MyBESTRuns

How Weather Affects Your Body

Want to know what the weather is going to look like? Ask your knees.

This spring saw two historic “bomb cyclones” sweep across the country. On top of the problems caused by blizzards, high winds, and severe storms, these weather systems also made for a lot of achy knees as barometric pressure bottomed out. It’s not a myth: active weather patterns, and low-pressure systems in particular, have a noticeable effect on our bodies, including joint pain, headaches, and even the occasional induced labor.

Joint pain is the most widely known effect weather has on your body. Our joints are full of fluid that allows bones to glide across one another without grinding together. This fluid is susceptible to changes in atmospheric pressure as weather systems come and go. Higher air pressure feels better on your joints. Lower air pressure means that there’s more pressure inside your joint than outside of it, causing those joint fluids and surrounding tissues to expand, leading to nagging aches and pains.

Cooler air temperatures can also make your joints feel stiffer by thickening the fluid in your joints and tightening up the tissues around them. This makes your discomfort even worse when you’re in the midst of a winter storm with low pressure. Everyone is susceptible to it, but the effects are more pronounced in people who have arthritis or existing joint injuries. Retirees don’t just move to the Sun Belt for golf and lower taxes. The warmer, calmer weather helps soothe aches and pains. 

Our sinuses and ears are also sensitive to changing weather conditions. As anyone who’s ever suffered from a severe cold can attest, these cavities in our head are prone to internal pressure increases that lead to intense and sometimes even debilitating pain. Just like our joints, lower air pressure can increase the relative pressure in our head and lead to sinus pain and earaches.

The effect weather can have on headaches is a little muddier, because the stressors and triggers that instigate each episode vary from person to person. Some people who suffer from headaches are incredibly sensitive to small changes in weather, and an approaching storm system can lay them up for a day or more. Others can soldier on through even the worst conditions without so much as a dull throb. The American Migraine Foundation says that some studies have found a correlation between migranes and drops in atmospheric pressure and air temperature, as well as increased humidity, which can trigger pain in people who suffer from this intense form of headaches.

We often hear reports of a “baby boom” occurring in communities that have endured a hurricane about nine months after it makes landfall, but a sudden drop in air pressure, like you would see during a hurricane or major winter storm, can induce labor for some pregnant women in the storm’s path. Several Japanese doctors conducted a study of their patients over a seven-year period and found that there was a significant relationship between a drop in air pressure and patients experiencing their water breaking or a “spontaneous delivery.”

Extreme temperatures can also take a hefty toll on our body, especially when combined with aggravating factors such as humidity and wind.
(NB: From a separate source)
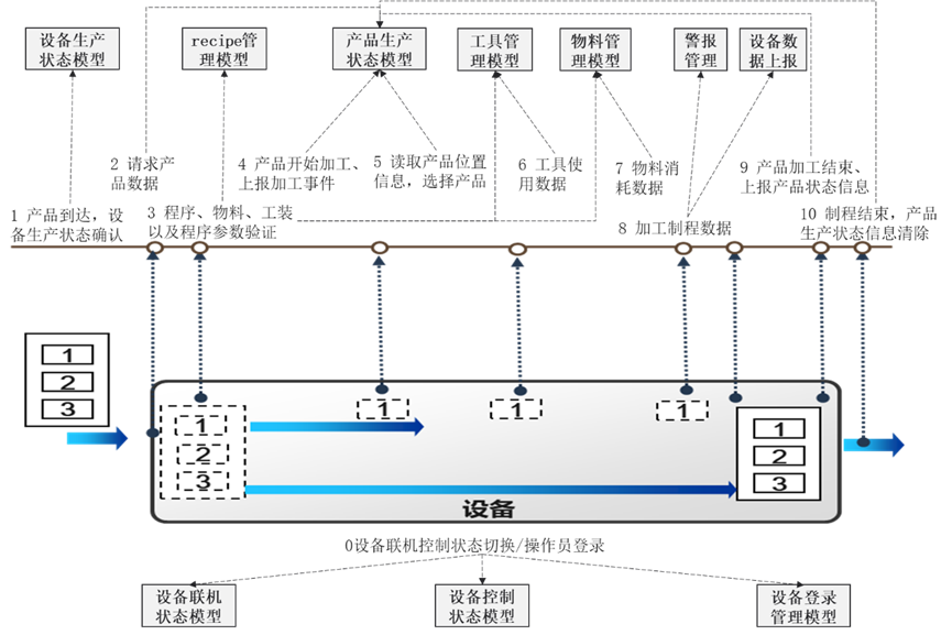 生產設備信息交互模型是以設備為中心,從數字化應用角度來看加工產品的生命周期,回答設備是否可用(比如聯機狀態、控制狀態、運行狀態模型等),設備哪些能用(recipe模型、物料模型、工具模型等)、設備如何好用(設備數據上報模型、警報管理模型等)這三個核心問題。

Despite the misplaced cynicism of people who think they’re fake numbers meant to hype people up, the summertime heat index and wintertime wind chill are two important measurements that tell you how safe it is to venture outdoors unprotected.

The heat index tells us how much hotter it feels due to the amount of moisture in the air. Our bodies cool off through the evaporation of sweat. Less sweat evaporates from our skin when the humidity ticks up on a hot day. This process prevents us from cooling off effectively, which can quickly lead to heat exhaustion or heat stroke. A humid, 90-degree afternoon can cause problems for you quicker than a 90-degree day that’s dry as a bone.
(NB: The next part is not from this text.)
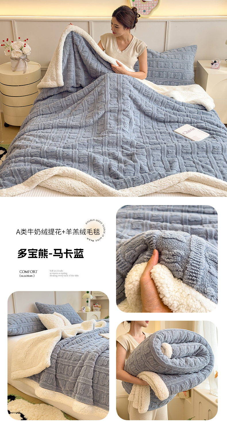 (总)世纪绒品 2025新款A类立体牛奶绒雕花绒单层毛毯毯子-多宝熊,多宝熊 马卡蓝,多宝熊 果绿,多宝熊 月牙白,多宝熊 太空灰,多宝熊 卡其,多宝熊 豆沙粉

Wind chill, on the other hand, tells us how much colder a winter day feels when you add in the effect of the wind. Human skin cools off much faster on a cold and windy day than it would if the wind wasn’t blowing. This allows frostbite and hypothermia to set in quicker than you would otherwise expect given the raw air temperature. 
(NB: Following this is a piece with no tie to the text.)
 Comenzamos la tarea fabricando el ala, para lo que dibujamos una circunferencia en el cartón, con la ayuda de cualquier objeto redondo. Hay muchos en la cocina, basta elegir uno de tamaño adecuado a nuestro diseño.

Despite the different ways weather affects your body, you definitely can’t catch a cold because of the weather. Both the cold and the flu are caused by viruses contracted from another person. You have a better chance of contracting the cold or flu during the winter months since viruses live longer in colder, drier weather—conditions that also weaken our immune systems and drive us into close proximity indoors. Cold weather can give you a runny nose, chills, and a headache, all of which mimic symptoms of viruses, but the cold itself can’t give you a cold.